> _Instructions for the task_:
Output each line exactly as written, from the first line of the records to the line bearing "Am 22.2.1990 erschien", inclusive, while leaving every picture out.

> _Records shown_:
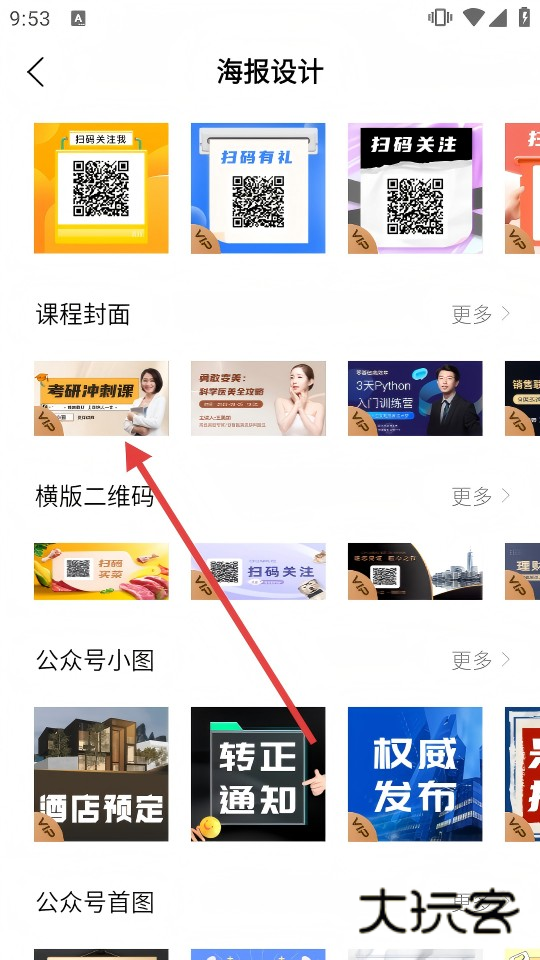 2、在海报设计界面,选择“课程封面”分类下的“考研冲刺课”封面模板。
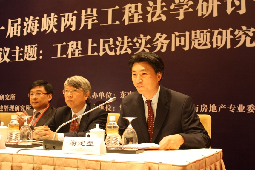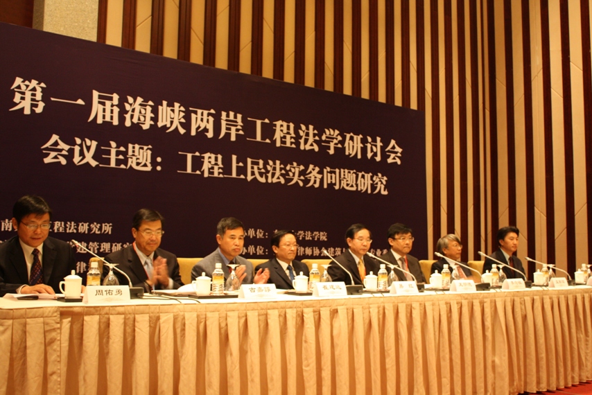 2009年10月27日,“第一届海峡两岸工程法学研讨会”在南京市中山陵紫金山庄会议中心隆重开幕。本次研讨会由366net必赢官网工程法研究所、台湾中央大学营建管理研究所、台湾政治大学法律科际整合研究所主办,366net必赢官网承办,江苏省律师协会建筑与房地产委员会协办,江苏致邦律师事务所参办。366net必赢官网校长易红、台湾访问团团长谢定亚、中国法学会民法学研究会副会长崔建远、台湾工程法学会理事长王明德等出席开幕式并发表致辞。
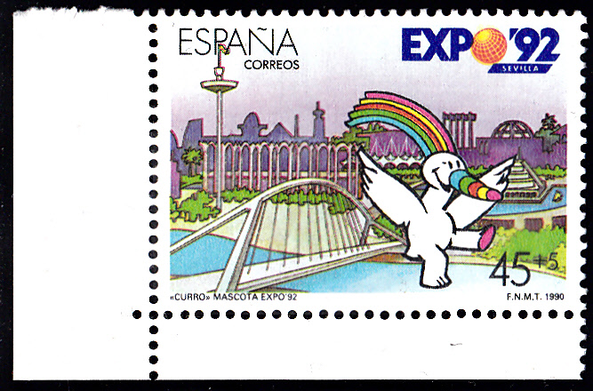 Am 22.2.1990 erschien in Spanien zur EXPO 92 in Sevilla eine Serie mit Zuschlagsmarken. Als Motiv diente das Maskottchen Curro im Ausstellungsgelände in Sevilla.
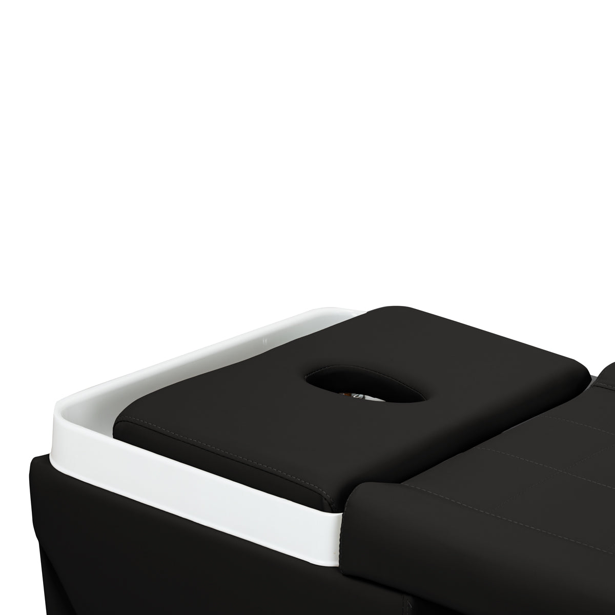 The Head Spa Maldives bed combines functionality with modern design. A sturdy frame, upholstered in elegant synthetic leather, ensures a stable structure. The ergonomically profiled surface in shades of black, covered with soft fabric, guarantees complete comfort during treatments. The additional space under the lounger allows for convenient storage of accessories, towels, and cosmetics, making it a practical and stylish addition to any professional beauty and wellness salon.
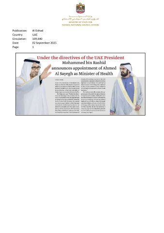 Publication: Al Etihad Country: UAE Circulation: 109,640 Date: 02 September 2025 Page: 1
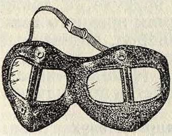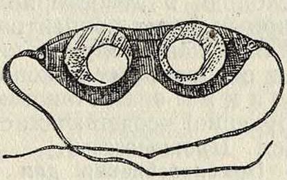 1) Для защиты от отлетающих осколков и других твердых частиц, могущих ранить глаз, а) Приспособления из металлической сетки (очки, щитки, маски). Преимущества их—легкость, прочность, евободн. обмен воздуха, незапотева-ние; недостатки— фИГ. 5.
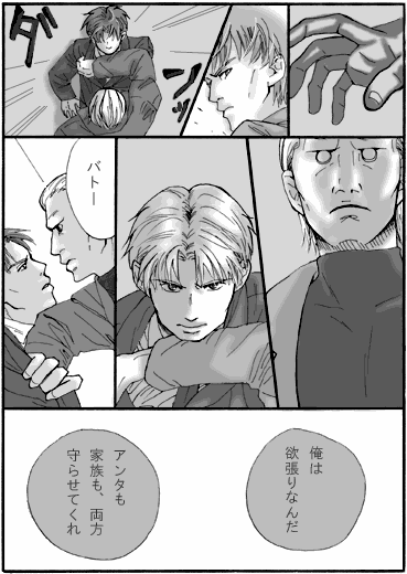 以下クロエとの会話 花「トグとバトー、仲違いしたっぽい?」ク「でもさ、トグサは元々バトーの言うこと素直に聞いてはいなかったよね。少佐の言うことは聞くけど」 花「確かに。じゃ今までと変わんない、と」 つまりきっと変わらずいちゃこらしている、という結論に達しました これもカップリングのつもりで描いてないんだけど、見返すとカップリング表記にした方がいいような… トグサの髪に色を塗るのがすごい違和感ありました
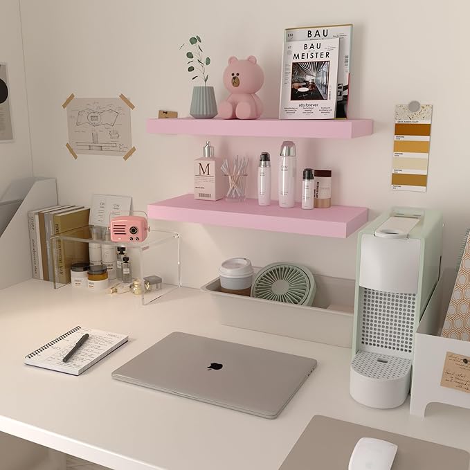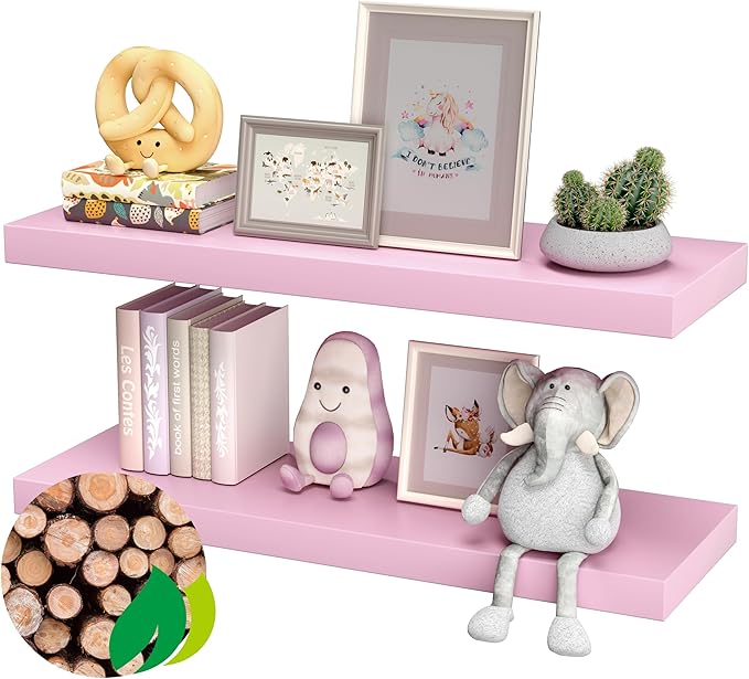 Pink Floating Shelves for Wall - 17 Inch Natural Wood Shelves for Bathroom, Bedroom, Kitchen Decor, Farmhouse Decor Set of 2

> _Answer to this task_:
 2、在海报设计界面,选择“课程封面”分类下的“考研冲刺课”封面模板。
 2009年10月27日,“第一届海峡两岸工程法学研讨会”在南京市中山陵紫金山庄会议中心隆重开幕。本次研讨会由366net必赢官网工程法研究所、台湾中央大学营建管理研究所、台湾政治大学法律科际整合研究所主办,366net必赢官网承办,江苏省律师协会建筑与房地产委员会协办,江苏致邦律师事务所参办。366net必赢官网校长易红、台湾访问团团长谢定亚、中国法学会民法学研究会副会长崔建远、台湾工程法学会理事长王明德等出席开幕式并发表致辞。
 Am 22.2.1990 erschien in Spanien zur EXPO 92 in Sevilla eine Serie mit Zuschlagsmarken. Als Motiv diente das Maskottchen Curro im Ausstellungsgelände in Sevilla.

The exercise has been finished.